- Exercise requirements:
Repeat each record below exactly, dropping the pictures.

- Raw data:
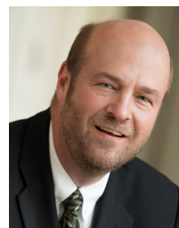
DICK SPENCE HBK CPAs & Consultants
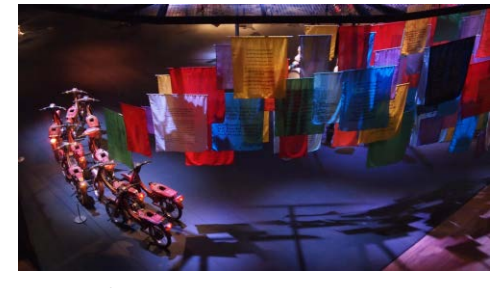
Jompet Kuswidananto Words and Possible Movement 2013 Motorbikes without machine, fabric flags Dimensions variable Collection: Mori Art Museum, Tokyo

With a total population of over 600 million, ASEAN's presence in the international community is expected to only accelerate, also attracting attention from overseas investors as a vast emerging market due to the advent of free trade. Although growth rates vary depending on the country, high economic growth and the developments that accompany it throughout the region are rapidly transforming the urban landscapes and bringing dramatic changes to people's lives. At the same time, there are concerns about resulting social disparities and the loss of traditional cultures. As artists frequently look at such changes with a critical eye, this section closes in on the driving forces and issues generated by growth and development.
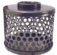
304 stainless steel
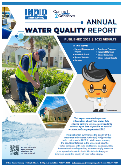
2022 Water Quality Report (English)

The most recent report is the 2022 annual water quality report. You can access the report by clicking on the links below.
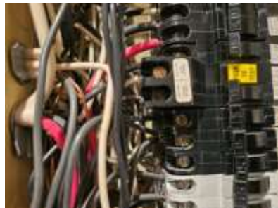
Pic. 41: Double tapped breaker
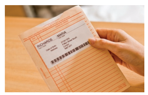
Locate patients' records and other important documentation quickly with an identification label
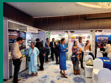
ADRA's booth at IFCCI Conclave
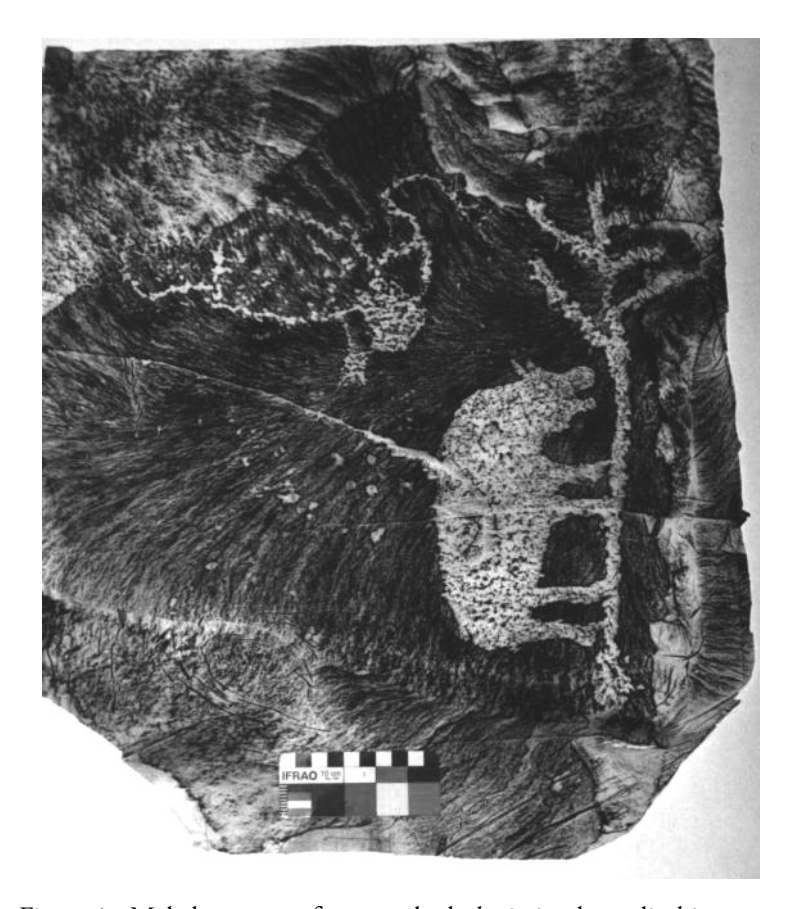
Figure 1. Mykalent copy of a petroglyph depicting bear climbing a tree and spirit figure above, at Shalabolino site on Tuba River.

Situated propitiously at the river portal of emergence (spring-fed), the clan lands (sacred rocks and trees) are identified with places for hunting wild game, fish, and waterfowl. Out of hundreds of Angara-style petroglyphs at Shalabolino, on an eastern tributary, the Tuba River, twenty-two bear petroglyphs depict brown bears in several poses, most prominently, one bear climbing a leaf-less deciduous tree (Fig. 1); two bears standing upright (poss. sow with cub) next to a natural fissure (portal) in the rock (Fig. 2); and a bear standing
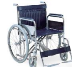
TC810Y Chromed Steel Frame, Fixed Armrest, Fixed Footrest, Solid Castor, Solid Rear Wheel, Hard Seat Cushion.
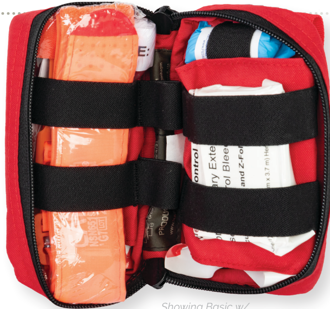
Showing Basic w/ Bleeding Control Dressing®
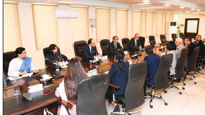
ISLAMABAD: The federal Minister for Finance & Revenue Senator Muhammad Aurangzeb was called on by Alternate Executive Directors (AED) of Asian Development Bank (ADB) at Finance Division.

Pakistan's efforts for financial and economic stability and business friendly policies. Ishaq Dar particularly noted the stellar performance of Pakistan Stock Exchange and renewed confidence of international investors in Pakistan's economy. The Foreign Minister appreciated EXIM Bank's robust support for important development projects in Pakistan.
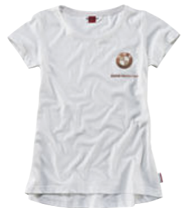
BMW Logo vest top, women
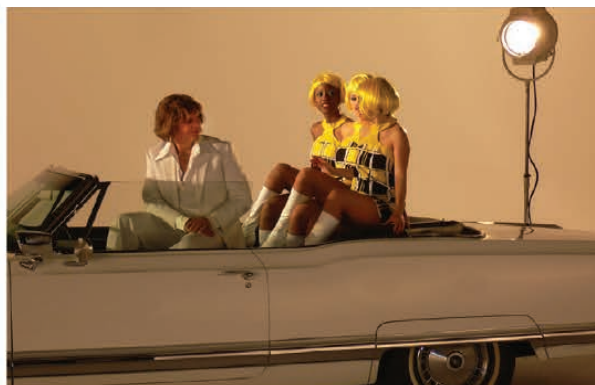
Actor and choreographer - On Set With Marc Labrèche
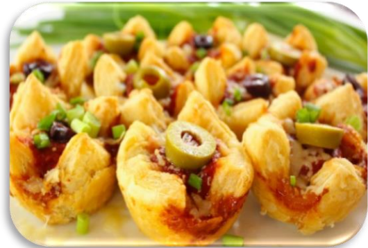
Olive Cheese Puff Purses

Minced Kalamata & Green Olives & Jack Cheese & Marinara "PUFFED" en Pastry.

- Reply:
DICK SPENCE HBK CPAs & Consultants
Jompet Kuswidananto Words and Possible Movement 2013 Motorbikes without machine, fabric flags Dimensions variable Collection: Mori Art Museum, Tokyo

With a total population of over 600 million, ASEAN's presence in the international community is expected to only accelerate, also attracting attention from overseas investors as a vast emerging market due to the advent of free trade. Although growth rates vary depending on the country, high economic growth and the developments that accompany it throughout the region are rapidly transforming the urban landscapes and bringing dramatic changes to people's lives. At the same time, there are concerns about resulting social disparities and the loss of traditional cultures. As artists frequently look at such changes with a critical eye, this section closes in on the driving forces and issues generated by growth and development.
304 stainless steel
2022 Water Quality Report (English)

The most recent report is the 2022 annual water quality report. You can access the report by clicking on the links below.
Pic. 41: Double tapped breaker
Locate patients' records and other important documentation quickly with an identification label
ADRA's booth at IFCCI Conclave
Figure 1. Mykalent copy of a petroglyph depicting bear climbing a tree and spirit figure above, at Shalabolino site on Tuba River.

Situated propitiously at the river portal of emergence (spring-fed), the clan lands (sacred rocks and trees) are identified with places for hunting wild game, fish, and waterfowl. Out of hundreds of Angara-style petroglyphs at Shalabolino, on an eastern tributary, the Tuba River, twenty-two bear petroglyphs depict brown bears in several poses, most prominently, one bear climbing a leaf-less deciduous tree (Fig. 1); two bears standing upright (poss. sow with cub) next to a natural fissure (portal) in the rock (Fig. 2); and a bear standing
TC810Y Chromed Steel Frame, Fixed Armrest, Fixed Footrest, Solid Castor, Solid Rear Wheel, Hard Seat Cushion.
Showing Basic w/ Bleeding Control Dressing®
ISLAMABAD: The federal Minister for Finance & Revenue Senator Muhammad Aurangzeb was called on by Alternate Executive Directors (AED) of Asian Development Bank (ADB) at Finance Division.

Pakistan's efforts for financial and economic stability and business friendly policies. Ishaq Dar particularly noted the stellar performance of Pakistan Stock Exchange and renewed confidence of international investors in Pakistan's economy. The Foreign Minister appreciated EXIM Bank's robust support for important development projects in Pakistan.
BMW Logo vest top, women
Actor and choreographer - On Set With Marc Labrèche
Olive Cheese Puff Purses

Minced Kalamata & Green Olives & Jack Cheese & Marinara "PUFFED" en Pastry.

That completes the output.